**Records shown**
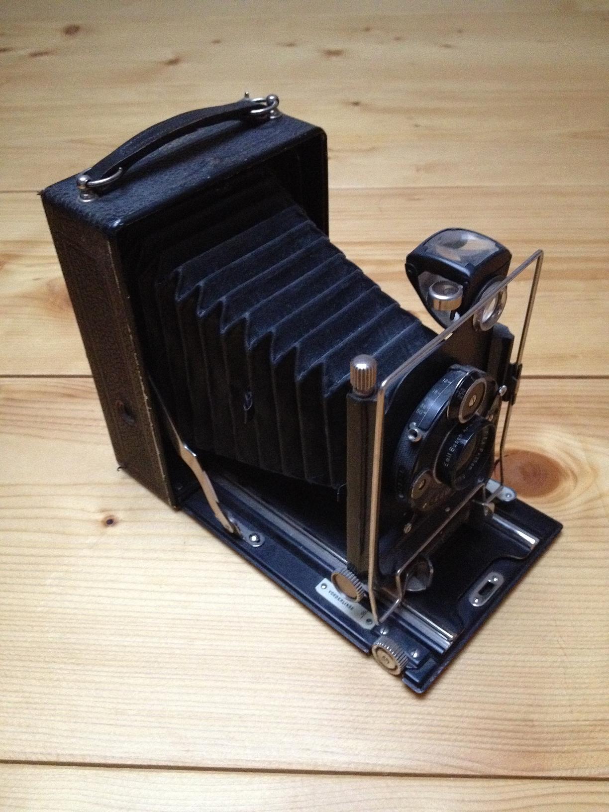 Habe mir die Kamera noch genauer mit meinen verglichen. Ich vermute, daß es sich um eine von Hoh&Hahne gebaute Welta handelt (die meisten Weltas sind nicht als solche gekennzeichnet). Bis auf den Höhenverstellknopf sieht sie aus wie eine von mir, die mit Ausnahme des Welta-Logos baugleich ist zu einem von Hoh&Hahne gebauten Welta-Modell *) (selbes Objektiv "Welta Doppel-Anastigmat Eustigmat 6.8/13.5"). Das Rückteil ist allerdings aus Holz (aber Rückteile und Objektive sind leicht austauschbar, und auch fabrikneu nicht unbedingt gleich). Das Modell sieht auch aus wie Welta, unterscheidet sich jedoch in manchen Details von den meisten Weltas. Leider fehlen die "Insignien" Welta (und/oder möglicherweise auch Porst), ansonsten ist es durchaus gesucht.
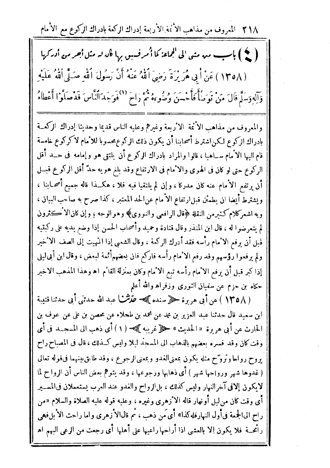 (1358) عن أبى هريرة رضى الله عنه أنَّ رسول الله صلَّى الله عليه وآله وسلَّم قال من توضَّأ فأحسن وضوءه ثمَّ راح فوجد النَّاس قد صلَّوا أعطاه
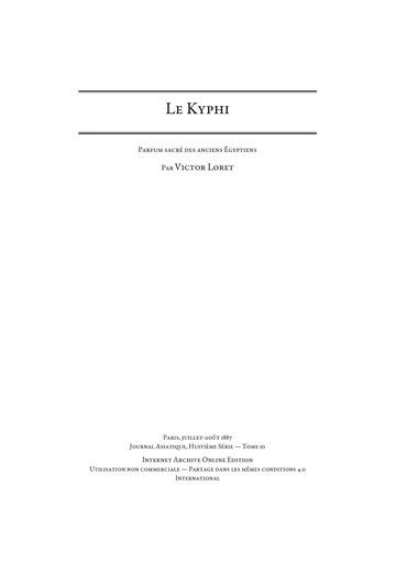 Le Kyphi, Parfum sacré des anciens Égyptiens, Par M. Victor Loret. Journal Asiatique, Huitième Série. Tome 10. Juillet-août 1887. Github.Internet Archive
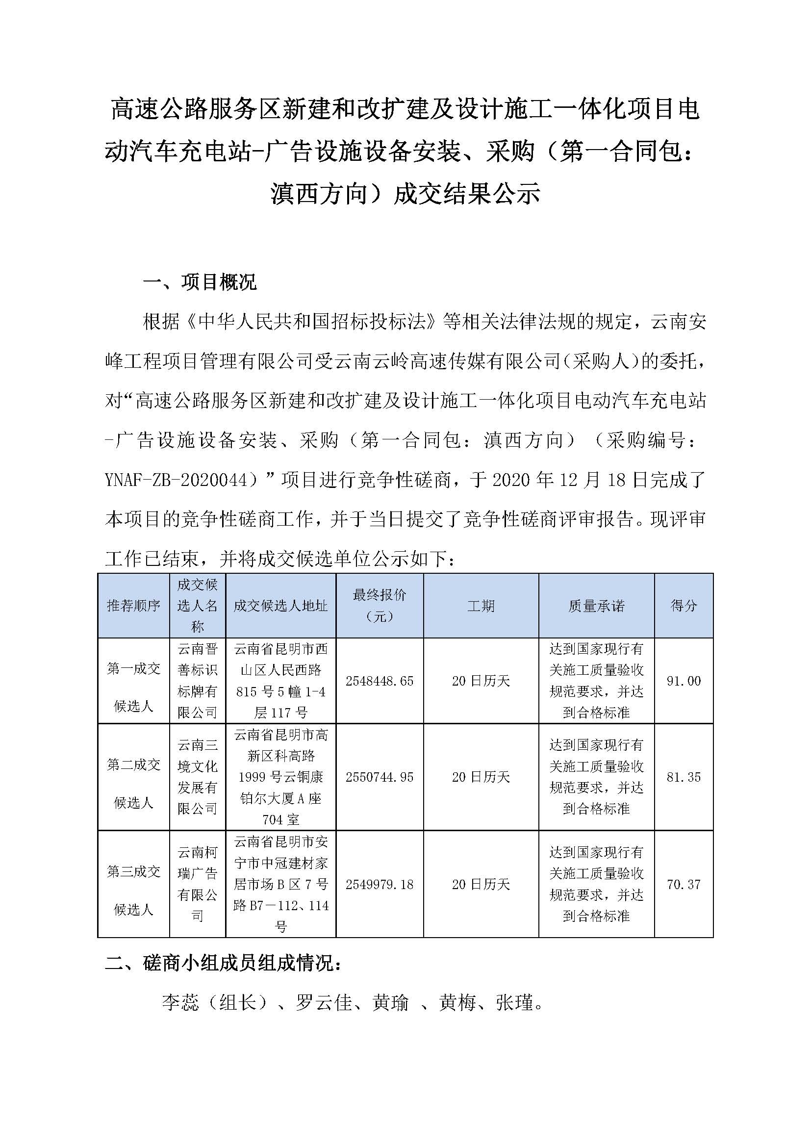 高速公路服務(wù)區(qū)新建和改擴(kuò)建及設(shè)計施工一體化項目電動汽車充電站-廣告設(shè)施設(shè)備安裝、采購(第一合同包:滇西方向)成交結(jié)果公示
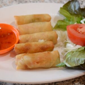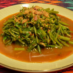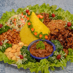 This is traditional an Indonesian cone yellow rice shaped with side dishes: Beef rendang, fried chicken, tofu and tempe in sweet soya sauce, mie goreng, ikan bilis , mixed vegies gado gado peanut…
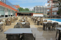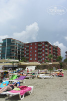 Единственное что радовало, это пляж-сразу через дорогу или по подземному переходу (зря его все ругают, он грязный, только после дождя). Пляж более или менее нормальный, плиты на входе в воду, но есть место и с песочком. Пляж поделен на 2 зоны, платный-с шезлонгами, столиками, матрасами, зонтиками, и бесплатный-с шезлонгами, навесами от солнца.
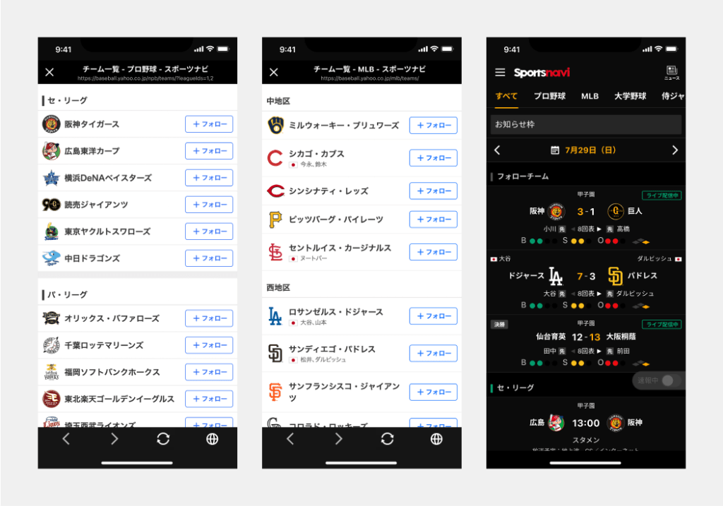 これまでお気に入りチームはプロ野球の1チームのみの登録でしたが、フォローでは複数チームの登録が可能です。対象はプロ野球だけでなく、MLB、高校野球、大学野球のチームまで広がり、試合一覧での優先表示、通知設定ができるようになります。

**Work to complete**
Only the lines from the one containing "高速公路服務(wù)區(qū" through the last line of the data belong in the copy, both included and reproduced exactly. Pictures do not.

**Reply**
 高速公路服務(wù)區(qū)新建和改擴(kuò)建及設(shè)計施工一體化項目電動汽車充電站-廣告設(shè)施設(shè)備安裝、采購(第一合同包:滇西方向)成交結(jié)果公示
 This is traditional an Indonesian cone yellow rice shaped with side dishes: Beef rendang, fried chicken, tofu and tempe in sweet soya sauce, mie goreng, ikan bilis , mixed vegies gado gado peanut…
 Единственное что радовало, это пляж-сразу через дорогу или по подземному переходу (зря его все ругают, он грязный, только после дождя). Пляж более или менее нормальный, плиты на входе в воду, но есть место и с песочком. Пляж поделен на 2 зоны, платный-с шезлонгами, столиками, матрасами, зонтиками, и бесплатный-с шезлонгами, навесами от солнца.
 これまでお気に入りチームはプロ野球の1チームのみの登録でしたが、フォローでは複数チームの登録が可能です。対象はプロ野球だけでなく、MLB、高校野球、大学野球のチームまで広がり、試合一覧での優先表示、通知設定ができるようになります。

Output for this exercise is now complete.